İftar çadırı boşalıyor. İçeride birkaç görevli ve çok sayıda çocuk var sadece. Görevlilerden birine, günde kaç kişiye yemek verdiklerini soruyorum. “Belediye şirketle bin kişilik yemek için anlaştı. Ama şirket ayrıca 200 kişilik yemek dağıtıyor. Anlayacağın, günde 1200-1300 kişiye yemek veriyoruz” diyor.

Rakam hiç az değil. İftar çadırı Dağkapı Meydanı’nda olduğu için, iftar yemeği için insanların nerden geldiğini de soruyorum. “Her taraftan geliyorlar, Sur’dan, Bağlar’dan” şeklinde cevap veriyor.

Bu arada, yaşlı, sakallı bir adamın görevlilerden birinin yakasına yapıştığını görüyoruz. Yanımdaki görevli, araya girmek üzere o yöne doğru gidiyor hızla. “Bir kavga çıkmasa bari” diye geçiriyorum aklımdan. Sakallı adam, iri yarı bir kadını göstererek, “Karıma neden yemek vermedin” diye bağırıyor. Görevli, “Karın on defa yemek aldı” diye karşılık veriyor. Yine bağırarak tabi.

Yaşlı adamı dışarı çıkarıyorlar. Meselenin aslını, yaşlı adamın yakasına yapıştığı görevliden öğreniyorum. Artan yemekler isteyenlere dağıtılıyormuş. Görevli, “Abi git kadının çantasına bak, bugün üç defa yemek verdim ona” diyor. Ortalık karışıyor. Görevlilerin bir kısmı yaşlı adama dert anlatıyor, bir kısmı ortalığı toparlamaya çalışıyor.

BAŞKANIN ADI NEDİR?

Dağkapı Meydanı’ndan, artık unutulduğunu sandığım Gangnam Style şarkısı duyuluyordu. Ortalık karışınca iftar çadırıyla ilgili başka bir şey öğrenemeyeceğimi anlamıştım. Dağkapı Meydanı’ndan uzaklaşmadan Ramazan programının başlamasını beklemiştim.

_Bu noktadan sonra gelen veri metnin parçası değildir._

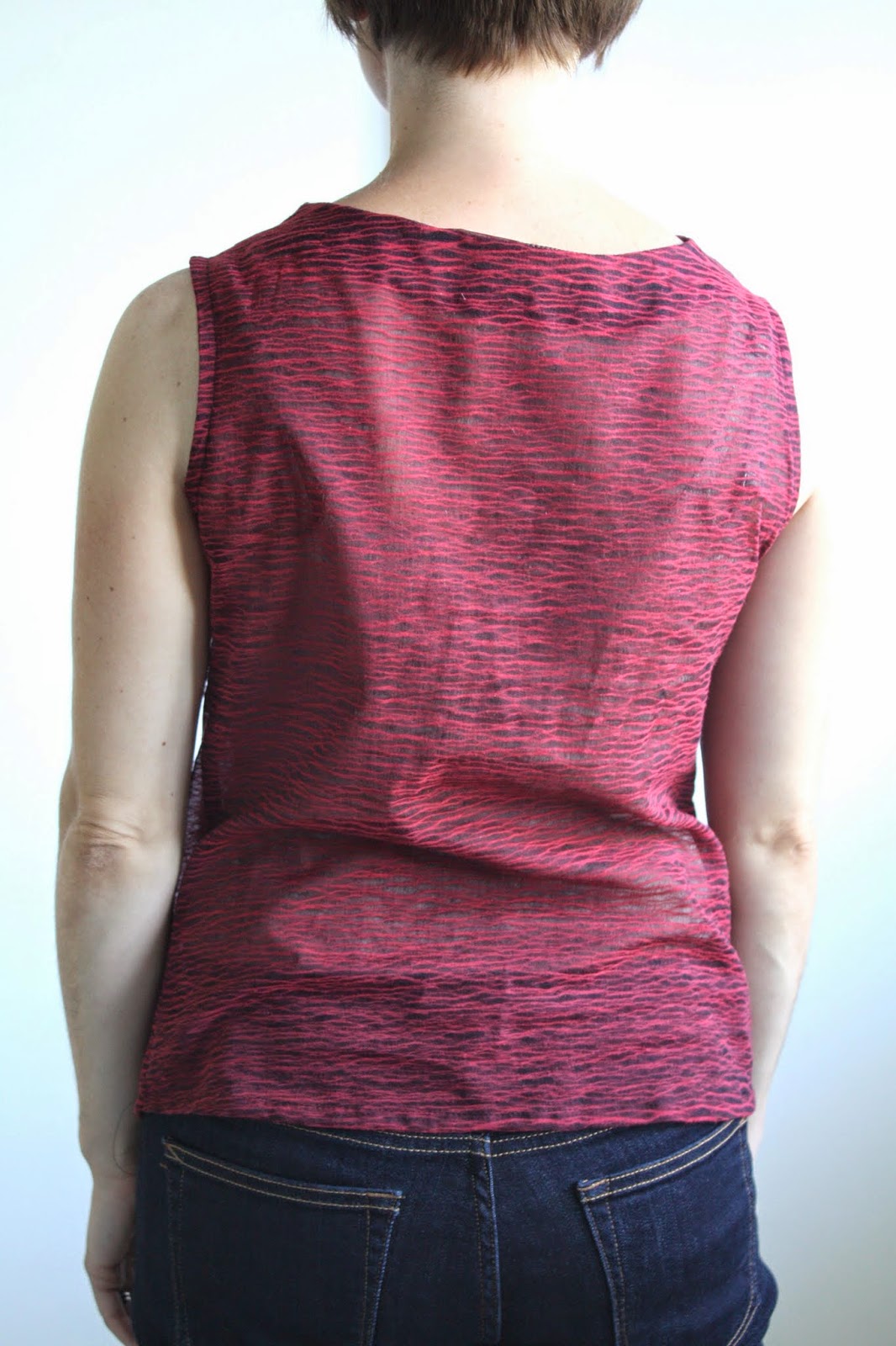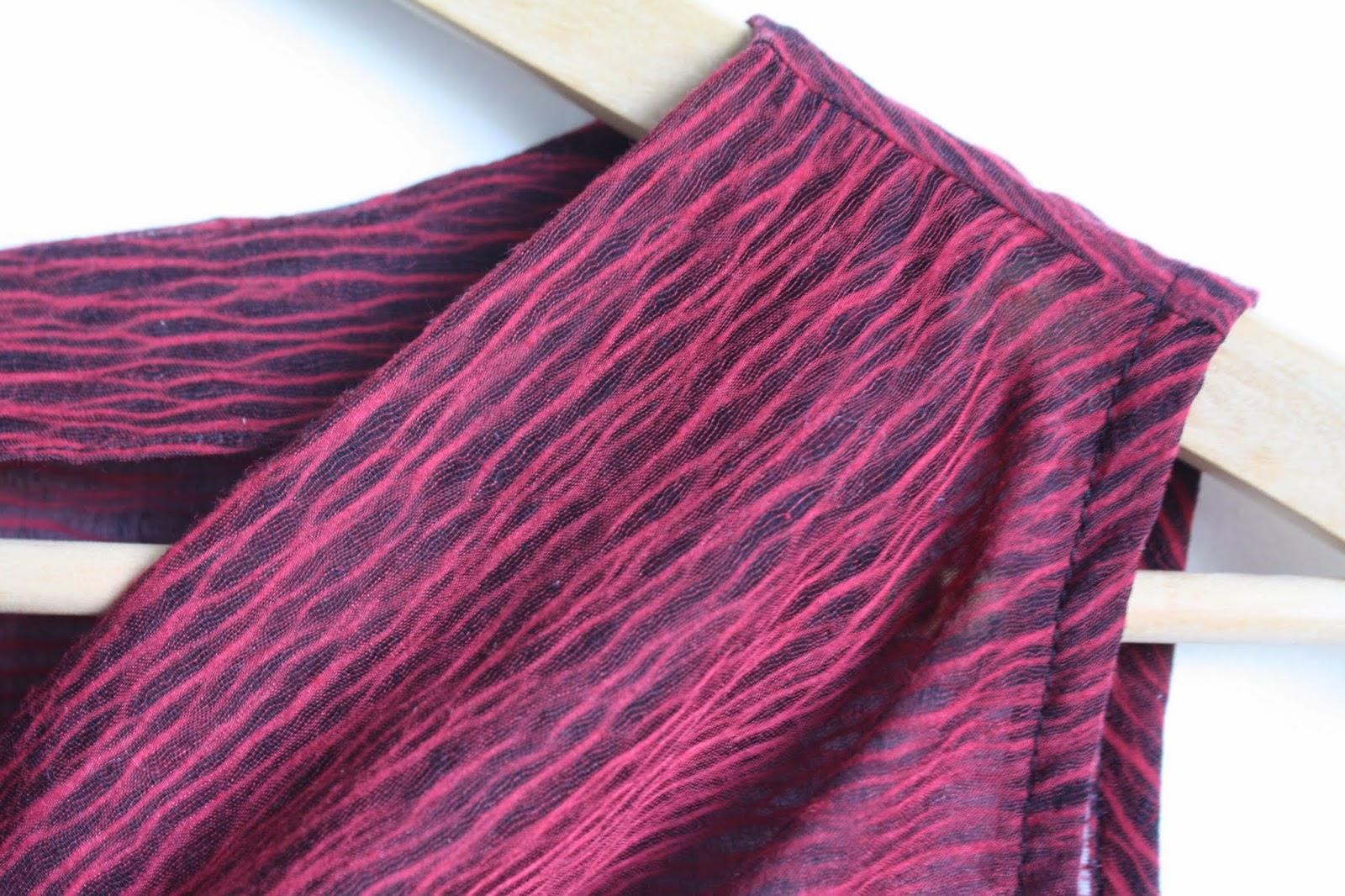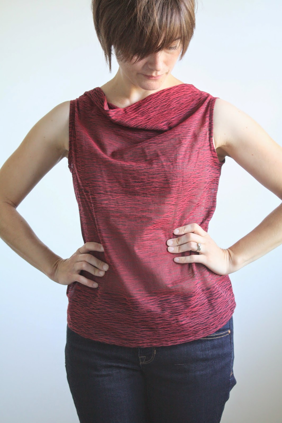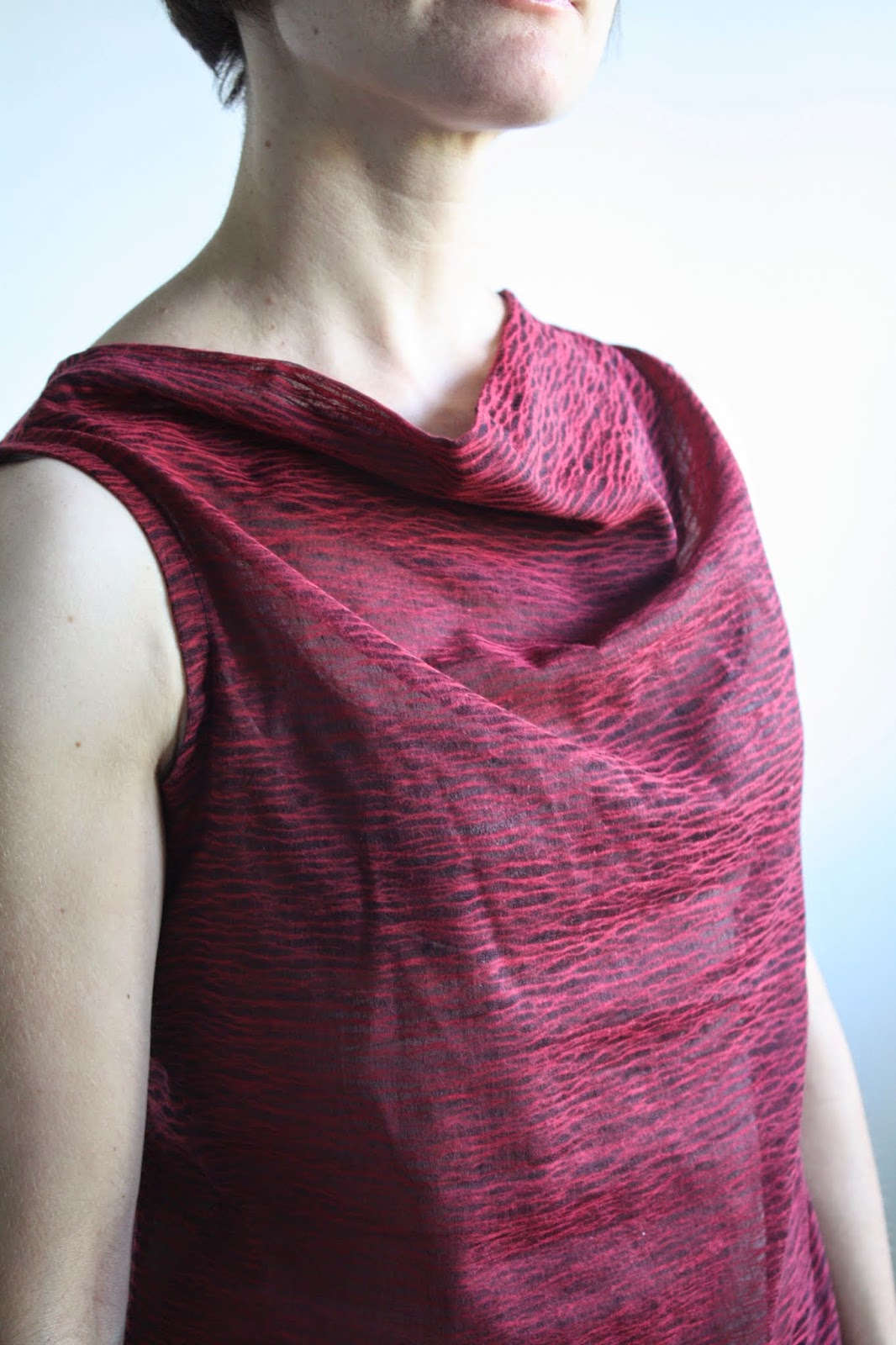 This fabric isn’t an obvious choice for a cowl shape; while lightweight, it isn’t particularly drapey, behaving more like a voile. Nor could I cut on the bias (common for cowls) because of the obvious horizontal stripe. However, I kind of love how the neckline is more “origami folds” than draped.

Düzgün Türkçesi ve tok sesiyle sunucu, meydandaki insanları eğlenmeye davet ediyordu. Konuşmasının bir yerine Yenişehir Kaymakamı ve Belediye Başkanı’nın adını sıkıştırıyor, binlerce teşekkürünü iletiyordu. Arada Başkan ve Kaymakam için alkış da istiyordu ama pek karşılık bulmuyordu. Çocuklar sahnenin etrafını çeviren bariyerlere tırmanıyor, zabıtaların uyarılarını pek dikkate almıyorlardı.

Sunucu, bir televizyon kanalındaki yarışmada finale kalmış, kuklalarla dans eden bir adamı sahneye davet etti. Kuklalarla dans eden adam çiftetelli havasıyla dans etti sahnede. Keşke halay müziği olsaydı, diye geçirdim aklımdan, çünkü sunucunun ısrarına rağmen oyuna katılan olmadı. Ardından yine aynı yarışmada ateş yutan adam olarak ünlenen adam çıktı sahneye.

Bariyerlerin arkasından gösteriyi izliyorduk. Yanımdaki adama, “Belediye Başkanı’nın adı nedir, biliyor musun?” diye sordum. Biraz düşündü ve “Bilmiyorum” diye cevap verdi. Oysa yarım saatte defalarca adını zikretmişti sunucu. Beni cevapsız bırakmak rahatsız etmiş olmalıydı adamı, yanındaki arkadaşına sordu belediye başkanının adını. Bir süre konuştular gürültünün içinde. Sonra bana döndü ve öğrendiklerini hevesle aktardı: “Adı Serdar Kartal. Hem belediye başkanı hem de kaymakam. Ama esas belediye başkanı Selim Kurbanoğlu.” Kafası karışık değil bunları söylerken, olup bitenlerin farkında olduğunu “Böyle yaptılar abê, bütün belediyelere kayyım atadılar” diyor.